The entries are to be given back verbatim; no picture is to be copied.

(Collected data entries)

────────────────

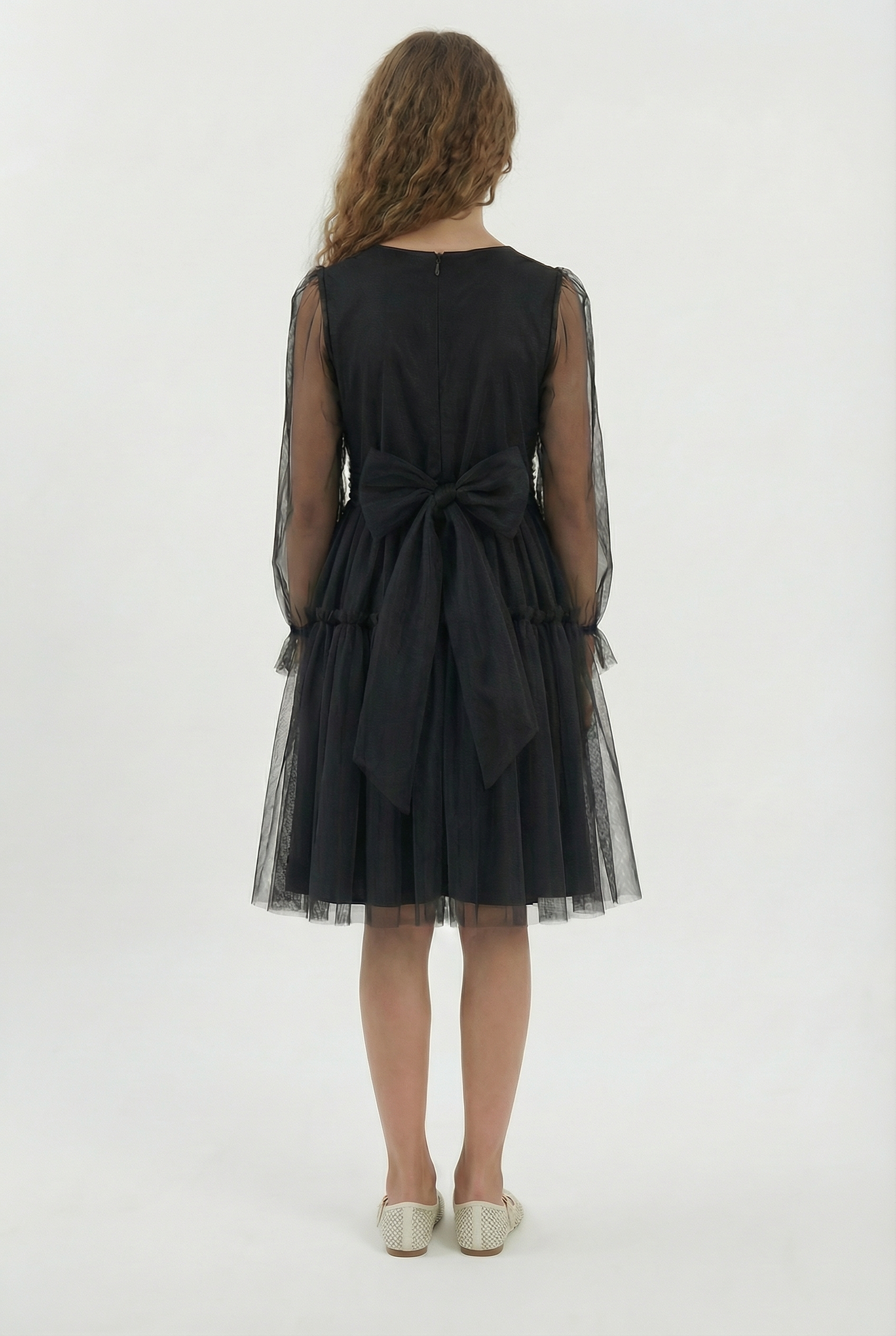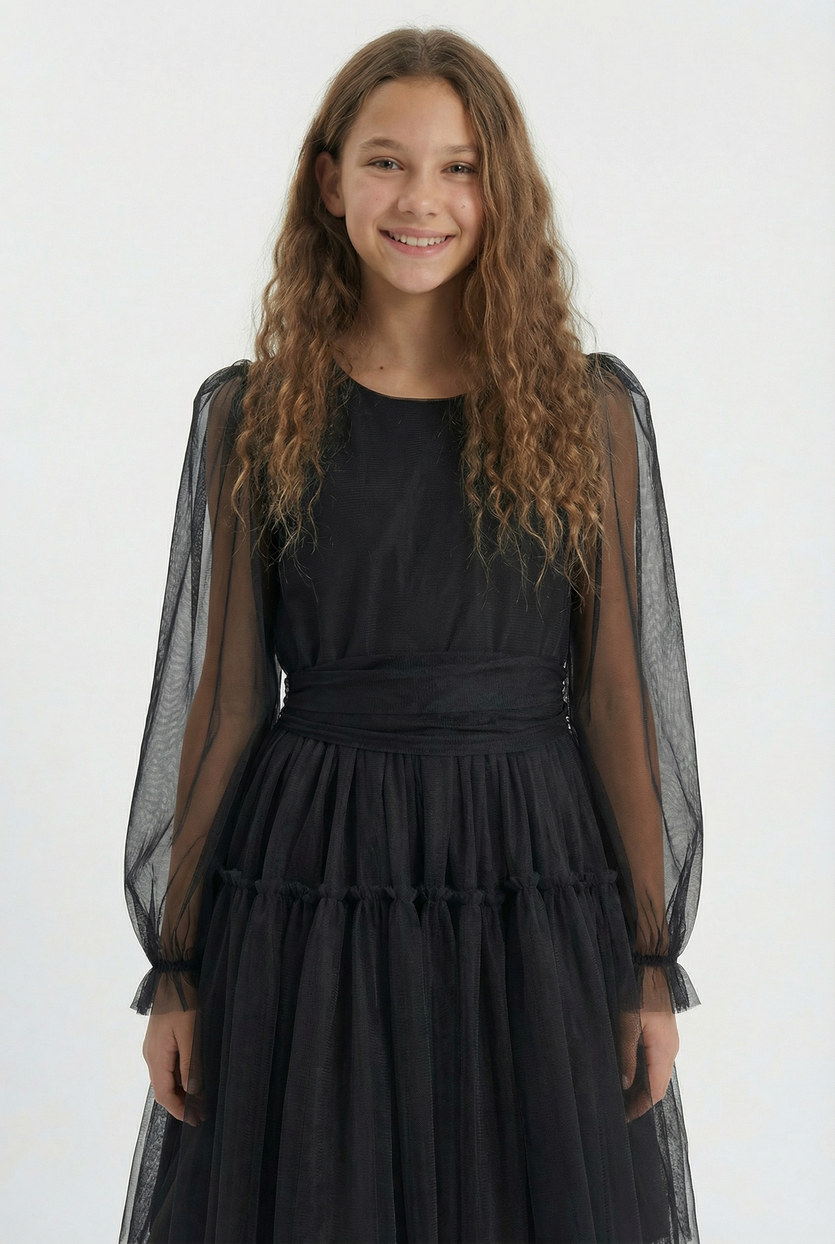 Holly Black Tulle Dress with Long Sleeves for Girls
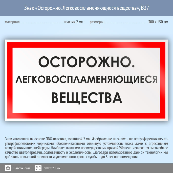 Знак «Осторожно. Легковоспламеняющиеся вещества», B37 на пластике, размером 300х150 мм служит для обозначения горючих веществ, предупреждая о возможной опасности. Вспомогательные знаки и таблички полностью соответствуют современным требованиям и стандартам. Таблички с поясняющими надписями используются в качестве самостоятельного знака, либо в качестве дополнения к основному знаку безопасности
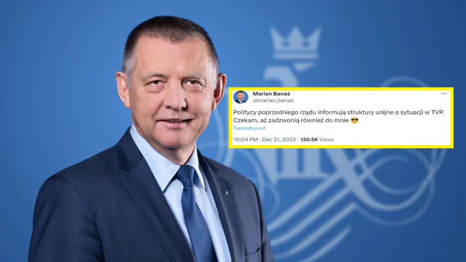 Politycy poprzedniego rządu informują struktury unijne o sytuacji w TVP. Czekam, aż zadzwonią również do mnie - napisał, nie bez złośliwości, Marian Banaś na portalu X.
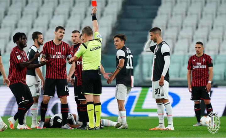 随着疫情在意大利的肆虐,意甲联赛宣布停摆,随后就是三个多月的等待。奋战在一线的医生、护士和志愿者,配合工作共同抗议的民众,维持社会秩序的各行各业的工作者……终于,在大家同心戮力的努力下,全球抗疫取得了初步成功,足球也慢慢回到人们生活中。2020.6.13的都灵安联球场,尤文图斯主场迎战AC米兰。这场意大利杯半决赛的次回合是意甲球队时隔3个多月后迎来的第一场正式比赛。球迷们都希望球队能有一个好的表现,不负他们长久的期待。然而在上半场一次进攻中,停摆前的比赛中发挥神勇的雷比奇却因为抬脚过高被裁判直接红牌罚下。最终,少一人作战的米兰客场战平尤文,以客场进球的劣势被淘汰。复赛后的第一场比赛就吃到红牌,间接导致球队被淘汰,这样的结果无疑是雷比奇还是球迷都难以平静接受。
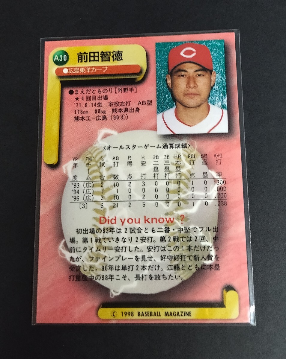 1998年BBM オールスター 前田智徳(広島) No,A30。※表面、細かいスレ傷、裏面、初期スレ跡(画像3、4)
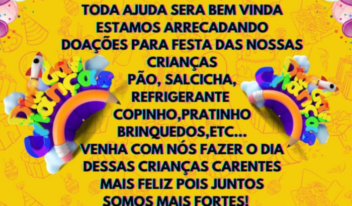 Estamos arrecadando alguns itens.- Pão- Salcicha- Molho de tomate - Pacotes de pipoca- Refrigerante - Copinho- Pratinho- Brinquedos para doação Toda ajuda sera muito bem vinda.
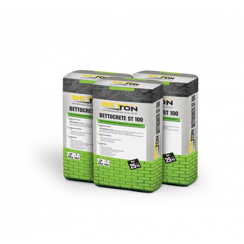 Bettocrete ST 100, çimwnto bazlı tek komponentli,fiber ilaveli,akıcı kıvamda, yüksek mukavemetli tamir harcıdır.
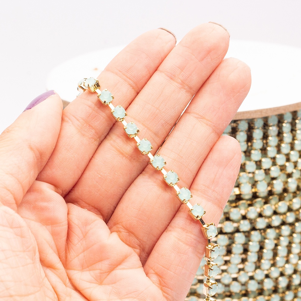Rolo Corrente de Strass SS29 Verde Água Leitoso Dourado – 20 Metros

────────────────

> Result for this task
 Holly Black Tulle Dress with Long Sleeves for Girls
 Знак «Осторожно. Легковоспламеняющиеся вещества», B37 на пластике, размером 300х150 мм служит для обозначения горючих веществ, предупреждая о возможной опасности. Вспомогательные знаки и таблички полностью соответствуют современным требованиям и стандартам. Таблички с поясняющими надписями используются в качестве самостоятельного знака, либо в качестве дополнения к основному знаку безопасности
 Politycy poprzedniego rządu informują struktury unijne o sytuacji w TVP. Czekam, aż zadzwonią również do mnie - napisał, nie bez złośliwości, Marian Banaś na portalu X.
 随着疫情在意大利的肆虐,意甲联赛宣布停摆,随后就是三个多月的等待。奋战在一线的医生、护士和志愿者,配合工作共同抗议的民众,维持社会秩序的各行各业的工作者……终于,在大家同心戮力的努力下,全球抗疫取得了初步成功,足球也慢慢回到人们生活中。2020.6.13的都灵安联球场,尤文图斯主场迎战AC米兰。这场意大利杯半决赛的次回合是意甲球队时隔3个多月后迎来的第一场正式比赛。球迷们都希望球队能有一个好的表现,不负他们长久的期待。然而在上半场一次进攻中,停摆前的比赛中发挥神勇的雷比奇却因为抬脚过高被裁判直接红牌罚下。最终,少一人作战的米兰客场战平尤文,以客场进球的劣势被淘汰。复赛后的第一场比赛就吃到红牌,间接导致球队被淘汰,这样的结果无疑是雷比奇还是球迷都难以平静接受。
 1998年BBM オールスター 前田智徳(広島) No,A30。※表面、細かいスレ傷、裏面、初期スレ跡(画像3、4)
 Estamos arrecadando alguns itens.- Pão- Salcicha- Molho de tomate - Pacotes de pipoca- Refrigerante - Copinho- Pratinho- Brinquedos para doação Toda ajuda sera muito bem vinda.
 Bettocrete ST 100, çimwnto bazlı tek komponentli,fiber ilaveli,akıcı kıvamda, yüksek mukavemetli tamir harcıdır.
Rolo Corrente de Strass SS29 Verde Água Leitoso Dourado – 20 Metros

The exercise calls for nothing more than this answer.